Lecture Notes in Control and Information Sciences: Developments in Model-Based Optimization and Control : Distributed Control and Industrial Applications 464 (2015, Paperback) read online TXT, DJV, MOBI
9783319266855 3319266853 This book deals with optimizationmethods as tools for decision making and control in the presence ofuncertainty. It is oriented to the use of these tools in engineering and,specifically, in automatic control design with all its components: analysis of dynamicalsystems, estimation problems, and feedback control design. Developments in Model-Based Optimization and Control takes advantage of optimization-based formulations for such classicalfeedback design objectives as stability, performance and feasibility affordedby the established body of results and methodologies constituting optimalcontrol theory. It makes particular use of the popular formulation known aspredictive control or receding-horizon optimization. The individual contributions in thisvolume are wide-ranging in subject matter but coordinated within a five-partstructure covering material on: complexity and structure in model predictive control (MPC); collaborative MPC; distributed MPC; optimization-based analysis and design; and applications. The various contributions cover asubject spectrum including explicit and more modern decentralized andcooperative formulations of receding-horizon optimal control. Readers will findthirteen chapters dedicated to optimization-based tools for robustnessanalysis, and decision-making in relation to feedback mechanisms--faultdetection, for example--and three to applications.< Developments in Model-Based Optimization and Control is a selection of contributions expanded and updated from the Optimisation-basedControl and Estimation workshops held in November 2012 and November 2013.It forms a useful resource for academic researchers and graduate students interestedin the state of the art in predictive control.

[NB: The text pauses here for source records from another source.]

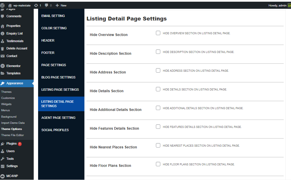 Here you can manage property Listing Details page section hide and show LiKE Property descripton, video, calcultor etc.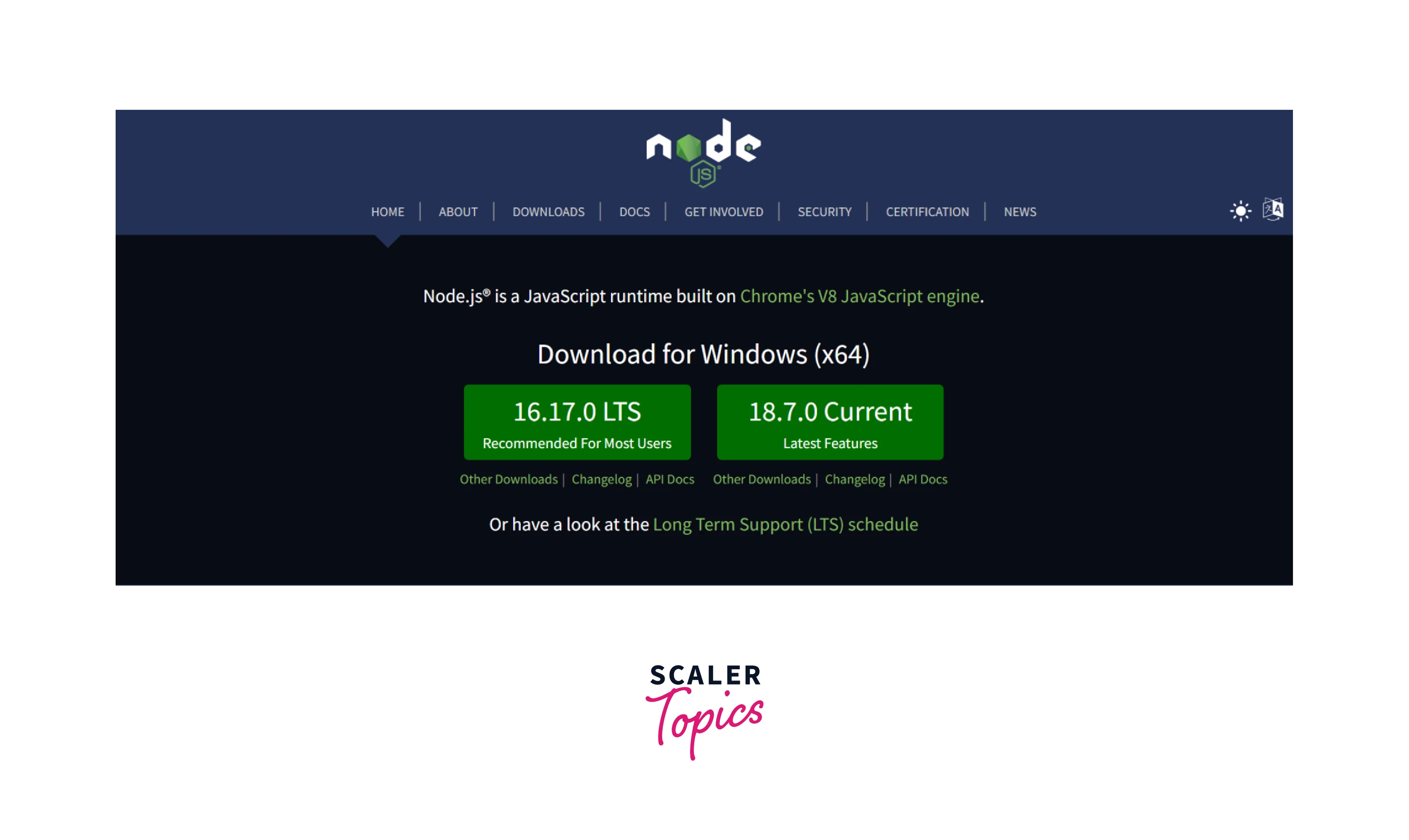 It is the easiest way of installing Node.js. Visit the official Node.js website. There are two kinds of builds available on the website: LTS(long-term support) which is recommended and Current which contains the latest features. The LTS releases are highly refined and bug-free. The Current builds contain the new features, but they may not be complete. Hence it is recommended to use LTS builds. The steps to install Node.js on Windows are as follows: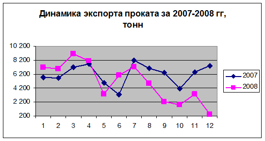 В силу ухудшения конъюнктуры внешнего рынка в 2008 году произошло снижение объема реализации проката по экспортным контрактам. В результате за 2008 год отгружено на экспорт 60 910 тонн продукции, что на 13 263 тонн ниже показателя 2007 года (снижение к 2007 году составило 17,9%). Динамика экспорта проката за 2007-2008гг. в натуральном выражении выглядит следующим образом (см. рис. 6):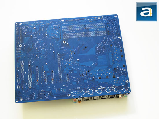 A shot at the back of the motherboard. A relatively clean design, nothing in particular here. There's none of those large "Crazy Cool" copper plates at the back to interfere with anything. Regarding the use of capacitors, the use of surface mounts are evident, as shown in the image above. Pins still stick out for other components, for example, the RAM socket pins and PCI slots -- since SMT is not capable of withstanding higher mechanical stress required for this purpose.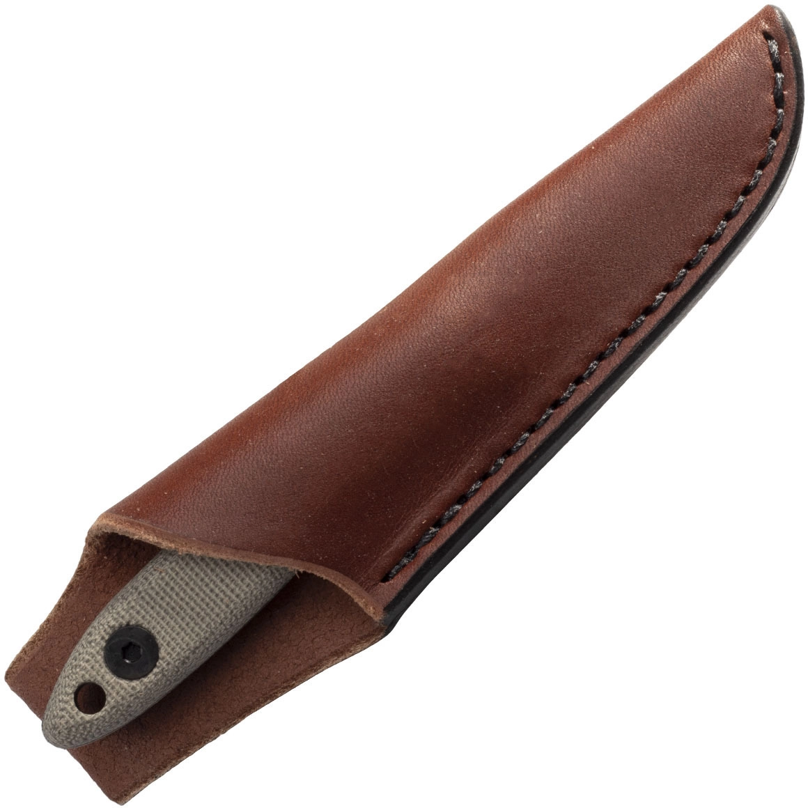 De getextureerde micarta handgreep ligt geweldig in de hand, slipt niet en verhoogt samen met de full-tang constructie de duurzaamheid en stabiliteit bij snijden, houtsnijden en fijn werk. De lederen schede maakt comfortabel en veilig dragen aan de riem mogelijk.
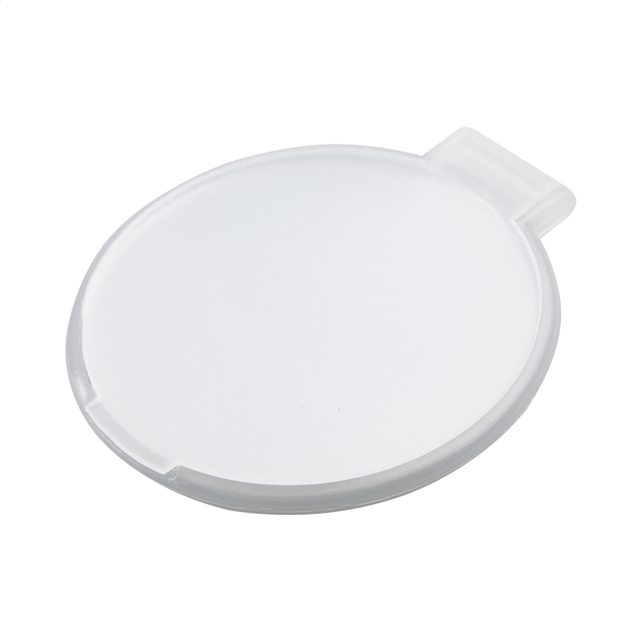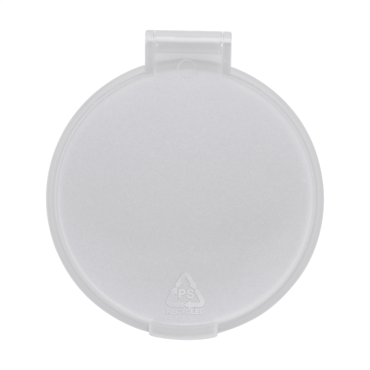 Specchietto rotondo in PS riciclato traslucido.

Control engineers working inpredictive control, particularly in its bioprocess applications will also findthis collection instructive.
9783319266855 3319266853 This book deals with optimizationmethods as tools for decision making and control in the presence ofuncertainty. It is oriented to the use of these tools in engineering and,specifically, in automatic control design with all its components: analysis of dynamicalsystems, estimation problems, and feedback control design. Developments in Model-Based Optimization and Control takes advantage of optimization-based formulations for such classicalfeedback design objectives as stability, performance and feasibility affordedby the established body of results and methodologies constituting optimalcontrol theory. It makes particular use of the popular formulation known aspredictive control or receding-horizon optimization. The individual contributions in thisvolume are wide-ranging in subject matter but coordinated within a five-partstructure covering material on: complexity and structure in model predictive control (MPC); collaborative MPC; distributed MPC; optimization-based analysis and design; and applications. The various contributions cover asubject spectrum including explicit and more modern decentralized andcooperative formulations of receding-horizon optimal control. Readers will findthirteen chapters dedicated to optimization-based tools for robustnessanalysis, and decision-making in relation to feedback mechanisms--faultdetection, for example--and three to applications.< Developments in Model-Based Optimization and Control is a selection of contributions expanded and updated from the Optimisation-basedControl and Estimation workshops held in November 2012 and November 2013.It forms a useful resource for academic researchers and graduate students interestedin the state of the art in predictive control. Control engineers working inpredictive control, particularly in its bioprocess applications will also findthis collection instructive.